Why are luxury hotels and resorts in Europe booming?

The Savills Blog

Why are luxury hotels and resorts in Europe booming?

Over the last two decades, European luxury hotel stays have experienced sustained growth, boosted by a lasting post-pandemic surge in demand.

Luxury hoteliers, looking to capitalise on this demand, have responded by raising room prices, driving Average Daily Rates (ADRs) to new heights, particularly in cosmopolitan hubs like London where they have increased by as much as 38% since the pandemic.

This has also sparked a wave of expansion across Europe, with luxury brands strategically securing new locations under asset-light management contracts, to capitalise on the evolving market dynamics.

Savills has collated new openings data for a select number of luxury hotel providers including Mandarin Oriental, Four Seasons and Belmond. In terms of room numbers, between 2023 and 2028 we expect a 52.8% increase in existing luxury hotel stock in Europe, equating to circa. 4,000 new rooms.

In the five years preceding the pandemic, the industry saw an average year-on-year growth rate of approximately 2.6%. The five year post-pandemic (2023 - 2028) average growth rate is set to be almost quadruple that, predicted to reach 10%. This will be fuelled by rapid expansion from Mandarin Oriental, which is set to open nine new hotels across Europe, building upon its existing stock of 13 hotels. Additionally, Six Senses plans to triple its current European provision, with the opening of 15 more hotels by 2028.

At present, rooms in urban locations account for 74.7% of total European stock. But taking into account pipeline developments, this is due to drop to 67.1% by 2028.

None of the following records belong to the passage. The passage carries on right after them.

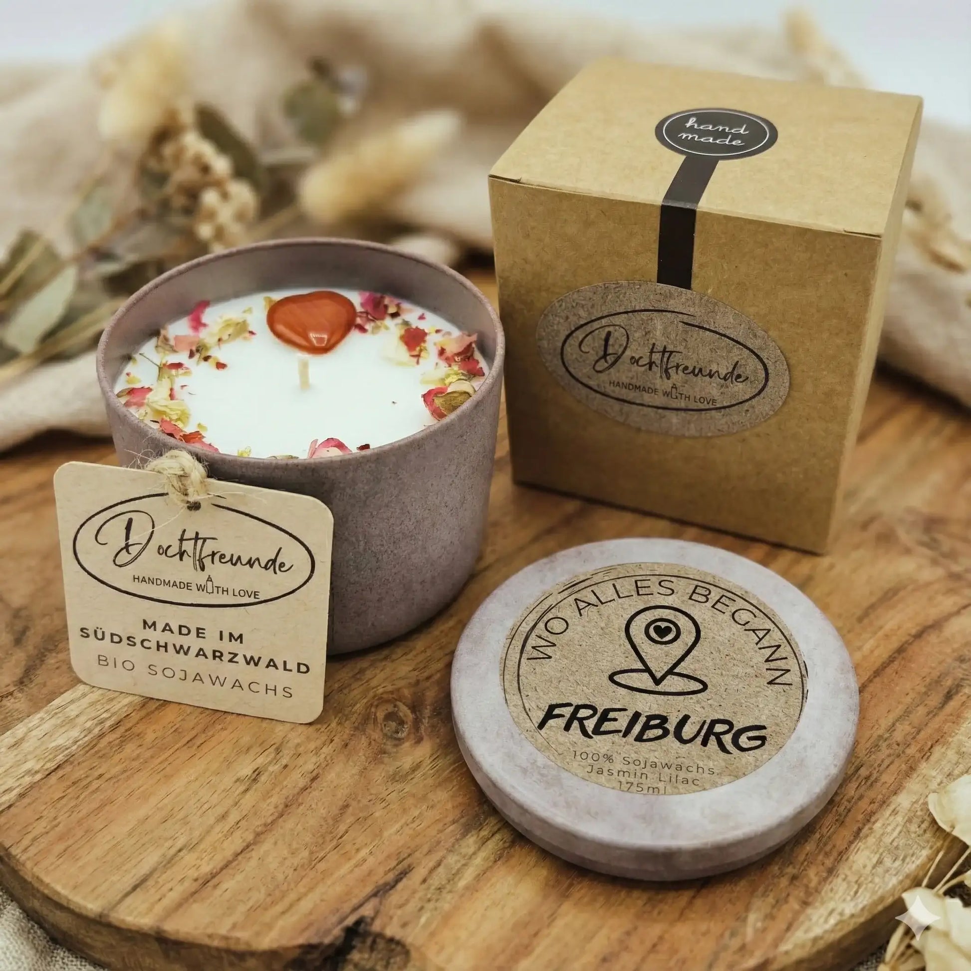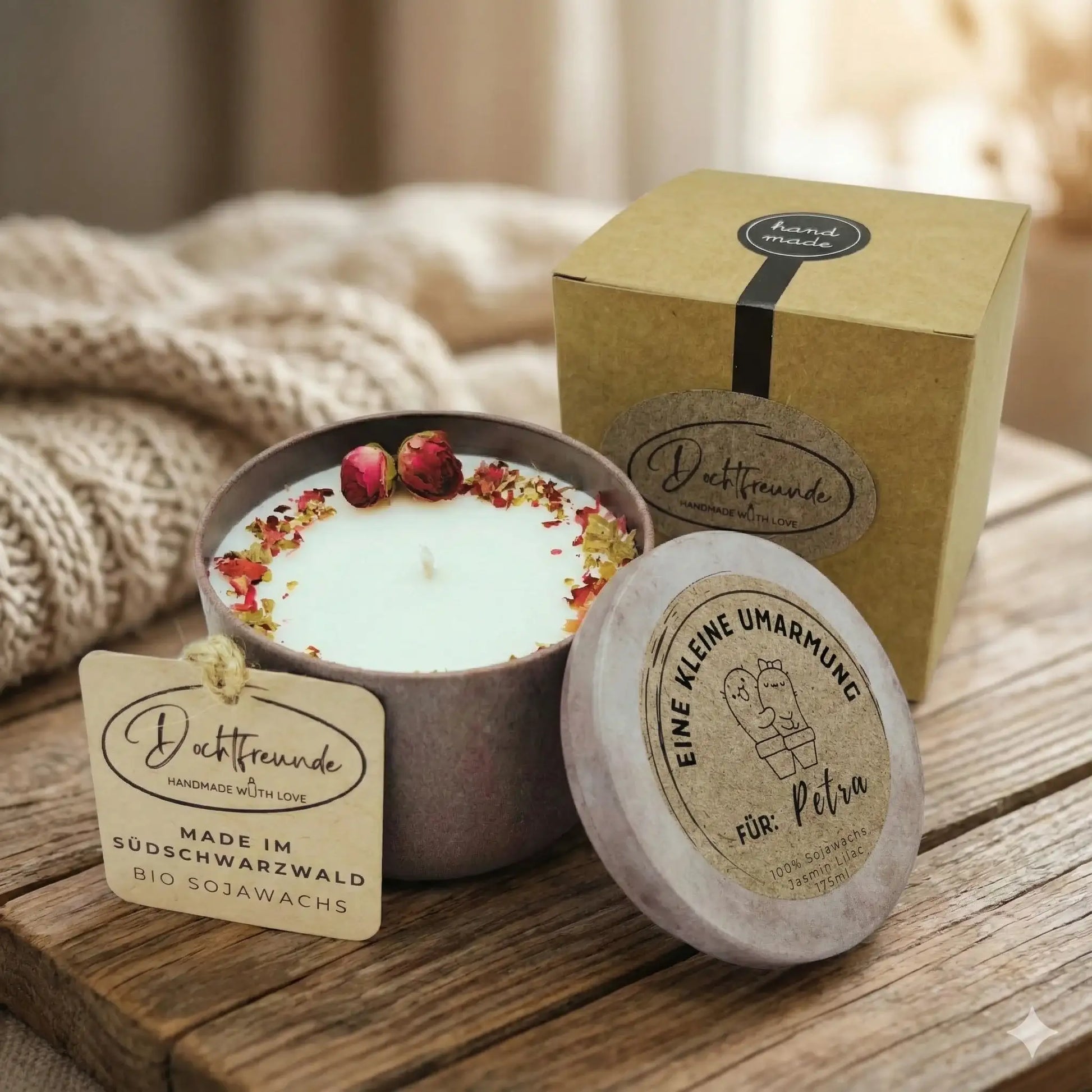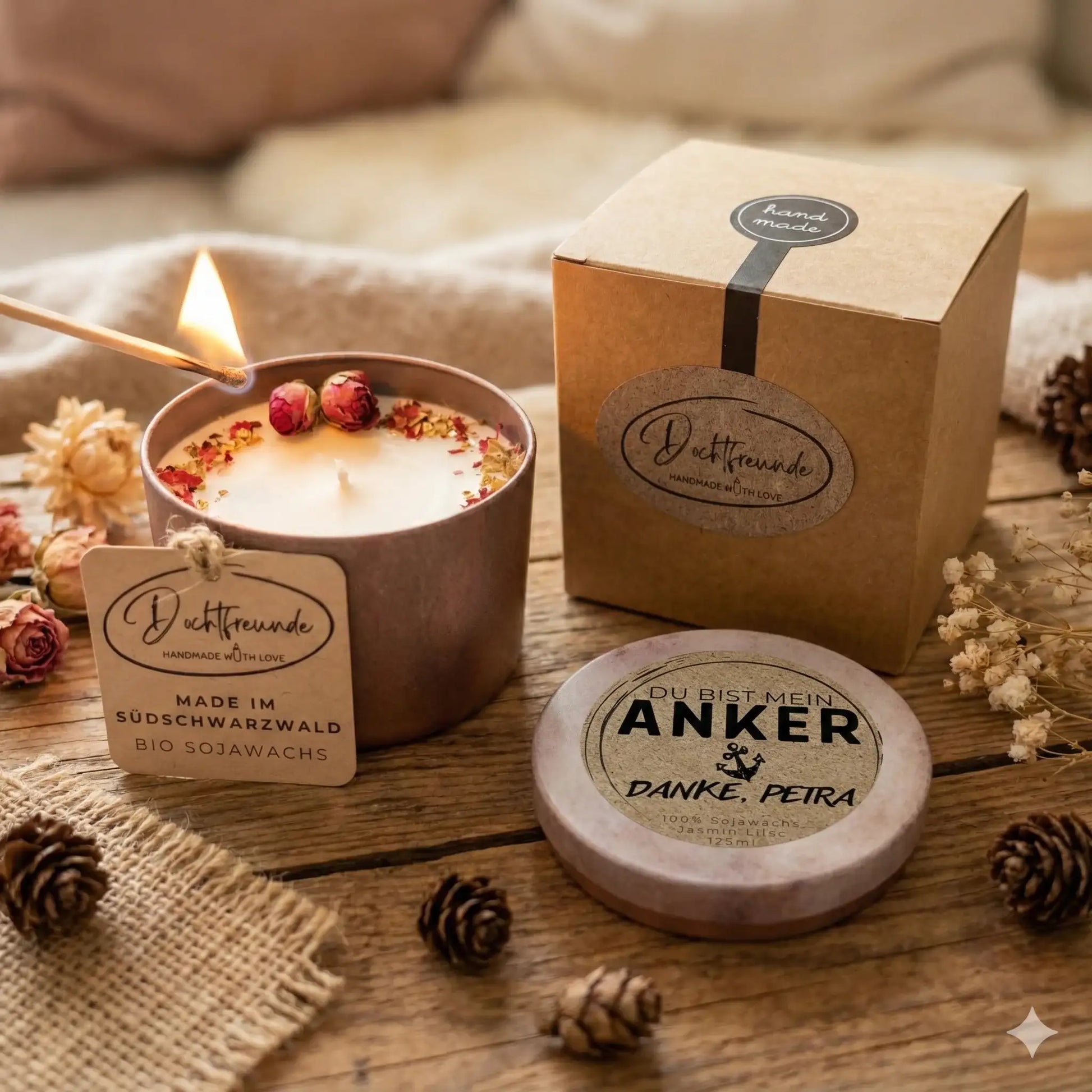 Vergiss unpersönliche Standard-Geschenke. Mit einer DochtFreunde Valentinstagskerze verschenkst du ein echtes Unikat, das von Herzen kommt und lange in Erinnerung bleibt. Ob als romantischer Liebesbeweis, kleine Aufmerksamkeit zwischendurch oder als Überraschung für deinen Lieblingsmenschen – jede Kerze wird in unserer Manufaktur im Südschwarzwald von Hand für dich gefertigt.
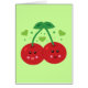 This adorably kawaii cherry illustration features two shiny red cherries with cute smiles, rosy cheeks and rich green leaves surrouned by sweet little green hearts! This cute cherry design is the perfect gift for anyone who loves cherries, kawaii art, cartoon fruit or stylish fun artwork!
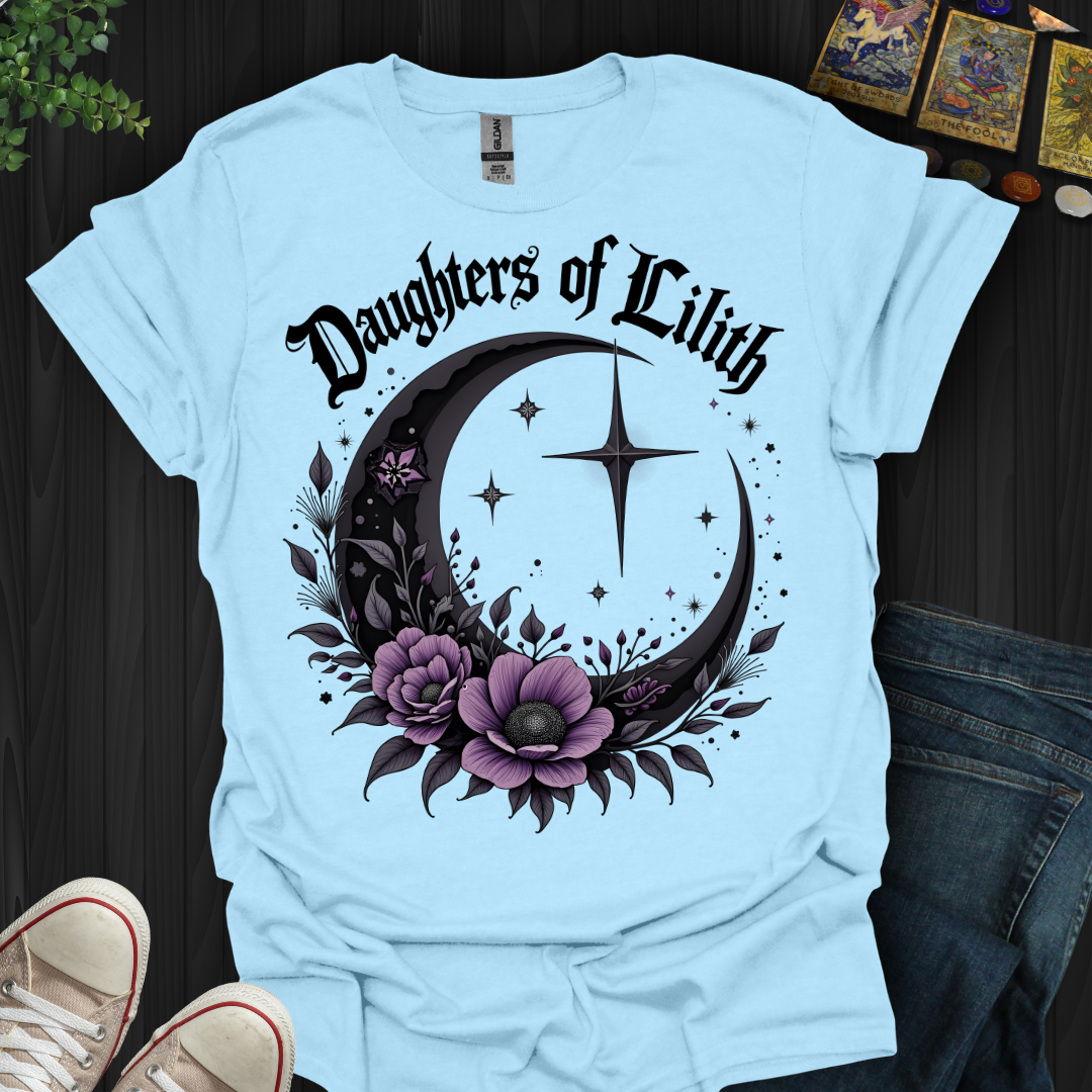 Unleash your dark feminine power with this enchanting design! A shadowy crescent moon cradles blooming purple flowers, surrounded by shimmering stars and celestial magic. 🌌✨ The gothic script proudly declares Daughters of Lilith, celebrating rebellion, mystery, and untamed beauty. Perfect for those who walk boldly in their power—claim your lunar legacy! 🖤💜
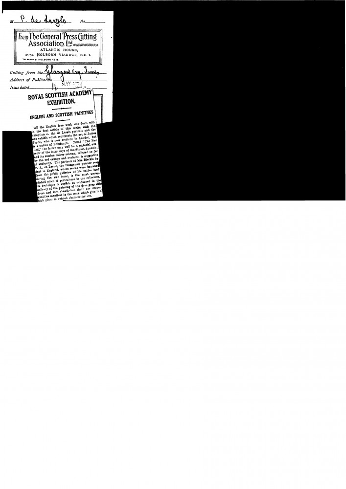 Glasgow Evening Times. De László's portrait of Mrs Blackie [13269], with its "superb skill" and "refined characterisation", is the "most accomplished piece of portraiture in the collection"
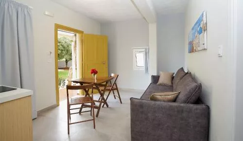 Studiourile mari, construite în stilul tradițional Egeean, dispun de băi renovate și oferă televizor și balcon sau grădină.

This is because, while some brands remain focused on urban locations for a majority of openings, many others are taking steps to diversify their portfolios into resort locations. Notably, Rosewood is set to launch its first resort location in 2024 by opening a 98-bed asset on the outskirts of Salzburg, Austria.

Pre-pandemic, the five-year average growth rate in resort rooms outstripped that of urban locations, sitting at 3.7% and 1.8% respectively. Post-pandemic this trend continues, with resort average growth rate sitting at 10.3%, still slightly exceeding that of urban locations at 9.4% (see chart below).

The entrance of new luxury hoteliers into fresh European destinations also presents an exciting opportunity for expanding retail provision. Many luxury hotels incorporate retail spaces on the ground floor, offering the potential for retail expansion alongside hospitality ventures. Examples include:

Portrait Milano has assumed control of the impressive 3,000 sq m piazza, bordered by a striking double collonaded loggia. The first floor will be dedicated to 73 rooms and suites, while the ground floor, now known as the new Piazza del Quadrilatero, will feature restaurants, boutiques and a wellness centre.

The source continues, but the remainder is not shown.